Assistant Professor of Pharmaceutical Sciences,
School of Pharmacy and Health Sciences
- Foundations in Pharmaceutical Sciences
- Integrated Pharmacotherapy
- Principles of Drug Design
- Toxicology of Drugs and Chemicals
- Structure-based drug design
- Protein/X-ray crystallography
- Molecular modeling
- Computational chemistry
- Medicinal chemistry
- Molecular pharmacology
- BS, University of Connecticut
- PhD, University of Connecticut
Dr. Kathleen Frey joined the School of Pharmacy and Health Sciences in January 2019. Dr. Frey received a BS in Molecular and Cell Biology and a Ph.D. in Pharmaceutical Sciences (specializing in Medicinal Chemistry) from the University of Connecticut. Following graduate studies, Dr. Frey completed a postdoctoral fellowship in Pharmacology at Yale University School of Medicine. At Yale, Dr. Frey received the NIH Ruth L. Kirschstein National Research Service Award (NRSA) to develop structure-activity and structure-property relationships for non-nucleoside compounds targeting HIV. Dr. Frey has published over 25 peer-reviewed articles on structure-based drug design for HIV, MRSA, opportunistic infections, and cancer. In addition to research, Dr. Frey was also a postdoctoral teaching scholar at Yale University and received training from Yale Center for Teaching and Learning.

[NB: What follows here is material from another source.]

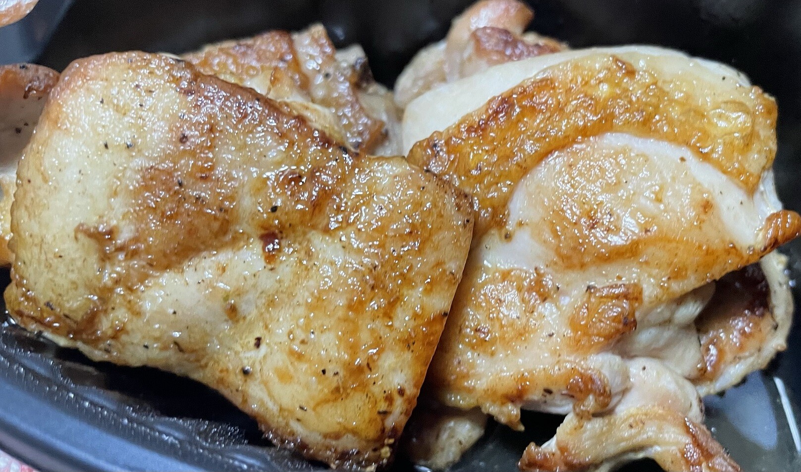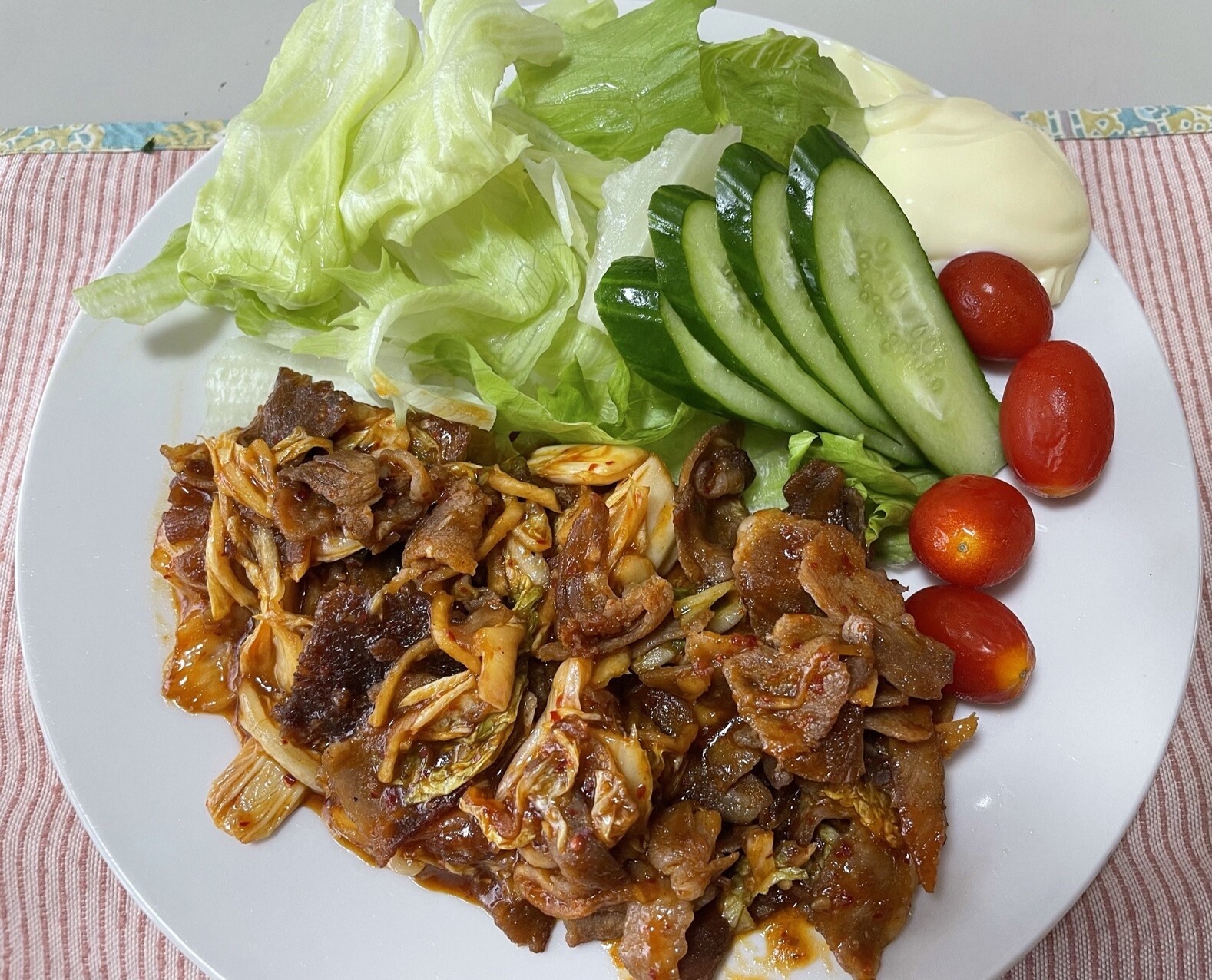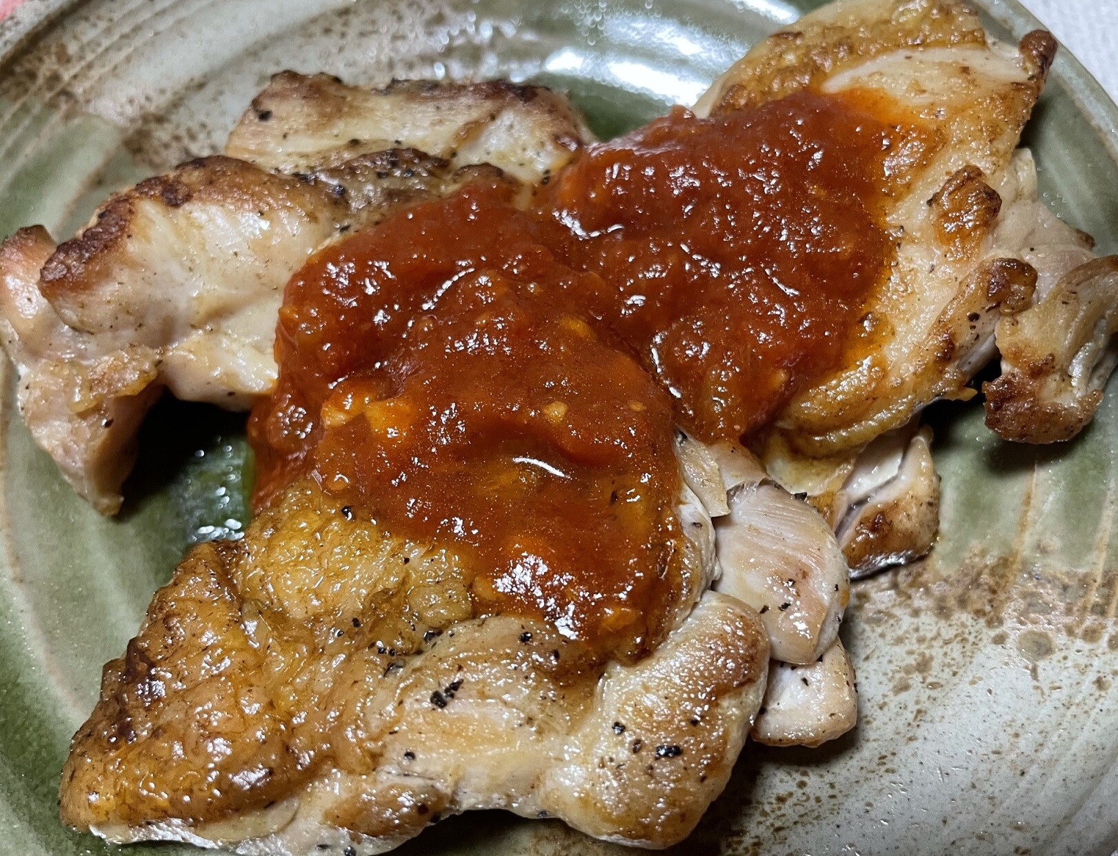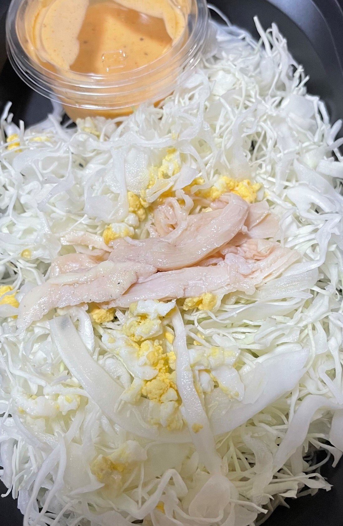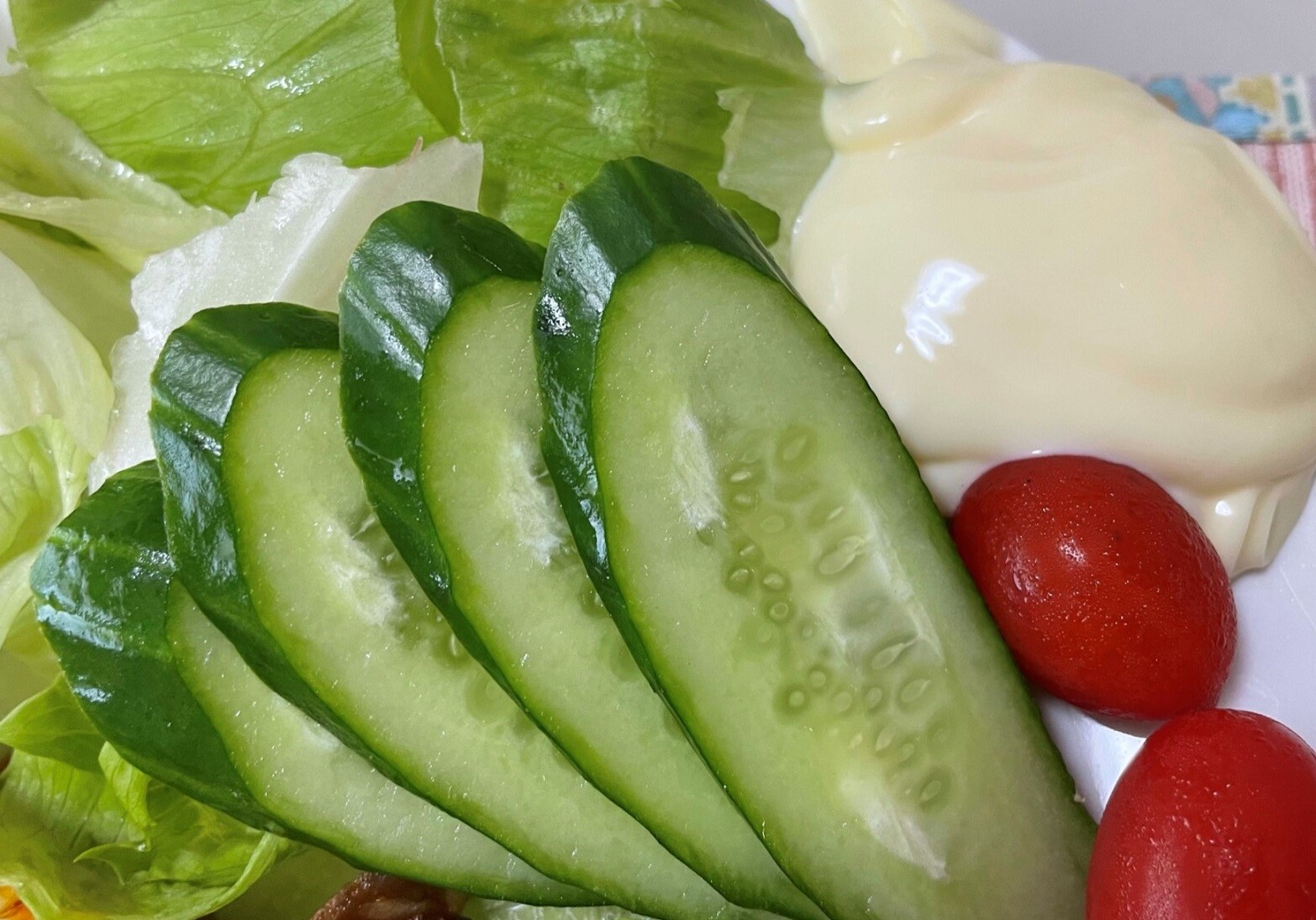 塩昆布とレタスのサラダに鶏肉の揚げ焼きです、唐揚げじゃありません

In 2015, Dr. Frey accepted her first faculty position at Long Island University (LIU) Arnold and Marie Schwartz College of Pharmacy and Health Sciences. During her 3.5-year appointment, Dr. Frey taught medicinal chemistry in the professional pharmacy program and pharmacology/medicinal chemistry in the MS graduate program. Dr. Frey also conducted research at LIU and mentored several MS students conducting dissertation research. Dr. Frey received the AACP New Investigator Award in 2017 to develop computational and experimental methods to predict HIV drug resistance. She also received several internal grants at LIU to support various research projects in computational chemistry and structural biology.
Dr. Frey is excited to return to her home state of New Jersey. At FDU, she intends to develop student-friendly, visual-based methods to teach medicinal chemistry and pharmacology. She also hopes to engage students in drug design research using computational methods and molecular modeling.